Alden Orange Brown Longwing Bluchers, only available from J.Crew.

Blucher with plain end

Grant Stone’s Plain Toe Blucher gives you the look of an Oxford without the bulk.

Unlined Bluchers

These Alden Bluchers are unlined which means they will be lighter, more flexible and more breathable in warmer environments.

Monk strap

Don’t be afraid of broken lace. The distinctive strap replaces the laces of these new style shoes. Like the buttons on the suit jacket you’ll wear with them, the monk’s shoe comes in one and two-buckle designs.

Guillaume shoes

Rich chocolate brown double strap shoes by John Lobb.

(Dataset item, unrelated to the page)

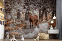 Wild Horse, New Forest. Bring the untamed spirit of the wilderness into your living space with "Wild Stallion." This captivating wall décor piece captures the essence of freedom and raw beauty, showcasing a magnificent horse amidst a serene forest setting. The image features a striking stallion, its coat a rich chestnut hue, standing proudly amidst a carpet of muted ferns and silver-tinged foliage. Filtered light dances through the trees, creating an ethereal atmosphere that evokes a sense of tranquillity and adventure. "Wild Stallion" is more than just decoration; it's an invitation to connect with nature and embrace the untamed spirit within. Let this piece transform your wall into a window to a world of natural wonder, where the beauty and power of the wild reign supreme. Its understated elegance complements a variety of interior styles, adding a touch of rustic charm and sophisticated grace.

Say that six times quickly.

Detroit Double Monk Strap Shoes

These immaculately clean dress shoes from Church’s will stand out with a matte suit and go great with a tuxedo.

Double Monk loafers

Santoni here merges two types of shoes: moccasins and dress shoes with double monk strap. The result is an interesting and incredibly sophisticated hybrid.


The mules have a moment. The slipper style was born out of the habit of squashing the heel of your shoe, whether that be because it made them easier to put on and take off or that they gave you blisters. But it’s been around, and especially since Gucci launched their fur-lined slipper in 2015. These days, brands are adding larger, more durable soles to their mules, making them something you can wear all day long. without worrying about getting burned through the outsole.

Mule Ellis

The Ellis pays homage to our collective bad habit. You can wear it with the heel down or up, and I have found even after a few highs and lows that it still holds its shape.

Gancini slippers

These Ferragamo slippers have a sizeable sole, although the shoe as a whole is rather understated.

Dublin Mule

Viberg gives his Dublin Mule a boot-like tread and sturdy all-leather upper.